* **Requirement**:
Retype the lines below exactly, but only those from the line that has "Durante los operativos, las" through the line that has "Creolen aus 925". Omit every picture.

* **The input**:
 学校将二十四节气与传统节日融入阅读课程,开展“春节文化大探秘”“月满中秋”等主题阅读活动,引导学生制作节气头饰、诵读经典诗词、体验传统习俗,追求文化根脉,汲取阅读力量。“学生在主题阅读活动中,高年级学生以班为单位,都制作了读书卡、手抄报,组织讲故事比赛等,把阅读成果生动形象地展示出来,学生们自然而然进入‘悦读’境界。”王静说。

* * *

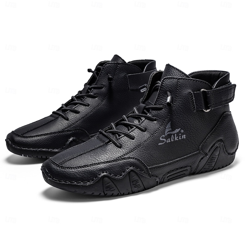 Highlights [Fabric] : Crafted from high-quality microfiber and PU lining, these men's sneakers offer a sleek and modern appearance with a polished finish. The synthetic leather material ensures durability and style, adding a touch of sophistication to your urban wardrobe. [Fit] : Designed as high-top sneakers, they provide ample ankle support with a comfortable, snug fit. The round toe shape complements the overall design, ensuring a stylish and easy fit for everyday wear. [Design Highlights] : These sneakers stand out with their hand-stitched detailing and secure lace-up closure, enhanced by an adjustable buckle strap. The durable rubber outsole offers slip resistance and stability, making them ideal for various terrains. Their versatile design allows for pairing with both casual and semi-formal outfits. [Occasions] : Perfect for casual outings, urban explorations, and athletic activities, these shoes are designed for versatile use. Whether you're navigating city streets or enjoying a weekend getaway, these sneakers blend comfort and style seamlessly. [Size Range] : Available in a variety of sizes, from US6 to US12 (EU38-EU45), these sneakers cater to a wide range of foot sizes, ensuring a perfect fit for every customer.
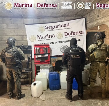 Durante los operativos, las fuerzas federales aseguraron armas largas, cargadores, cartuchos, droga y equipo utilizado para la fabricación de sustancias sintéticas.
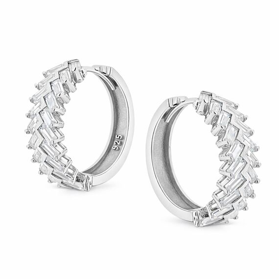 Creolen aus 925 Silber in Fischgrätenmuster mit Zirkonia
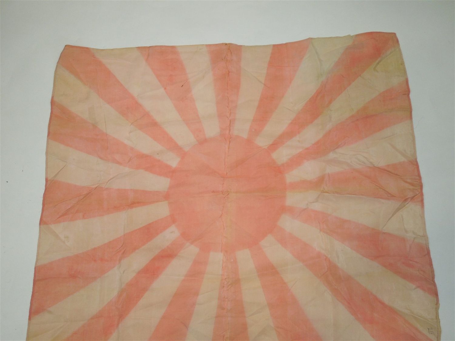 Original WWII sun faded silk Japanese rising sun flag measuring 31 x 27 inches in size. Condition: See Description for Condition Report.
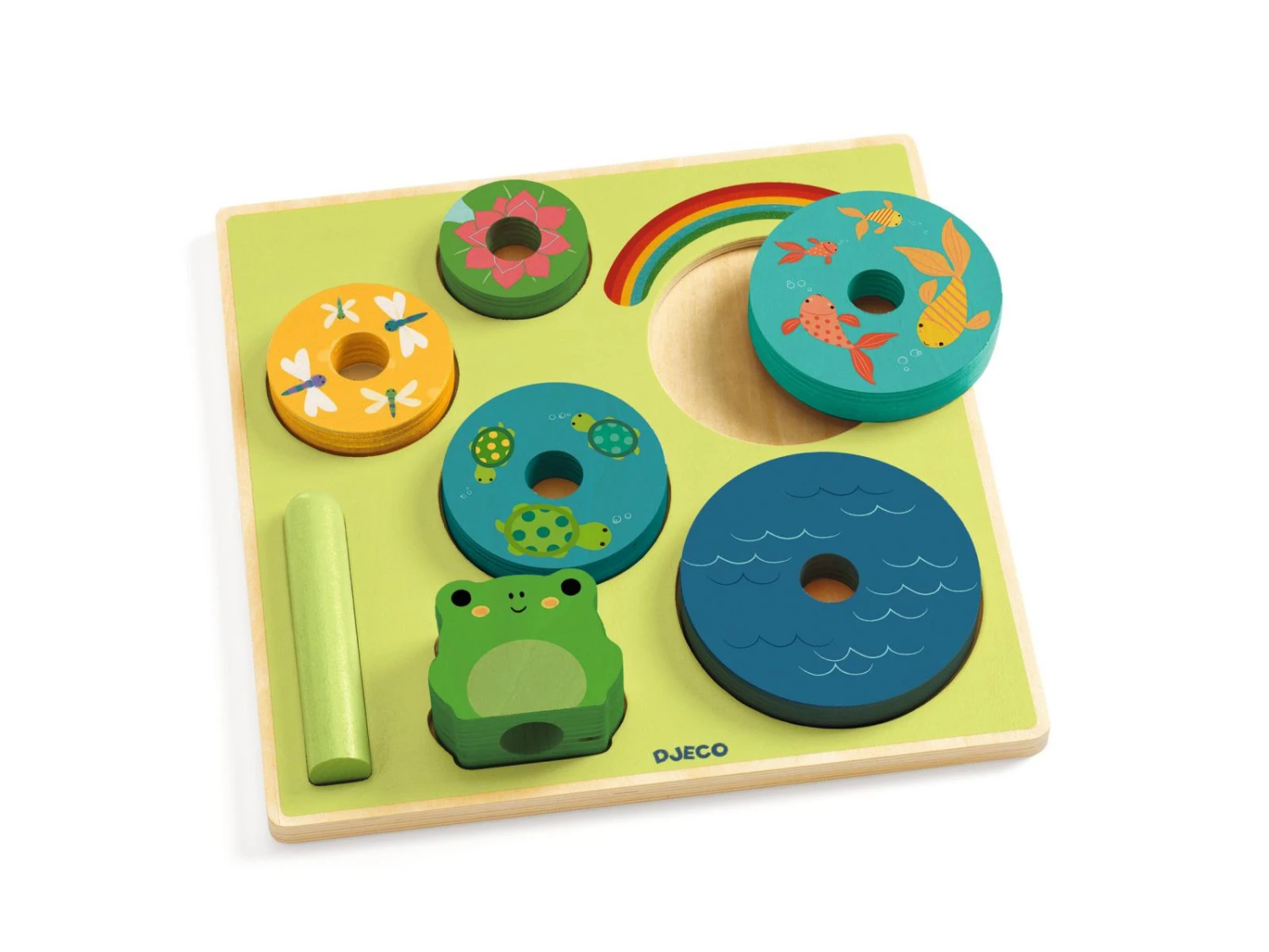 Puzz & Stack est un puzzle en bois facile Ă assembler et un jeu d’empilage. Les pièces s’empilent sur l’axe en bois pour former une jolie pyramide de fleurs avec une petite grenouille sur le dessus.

* **Result of the task**:
 Durante los operativos, las fuerzas federales aseguraron armas largas, cargadores, cartuchos, droga y equipo utilizado para la fabricación de sustancias sintéticas.
 Creolen aus 925 Silber in Fischgrätenmuster mit Zirkonia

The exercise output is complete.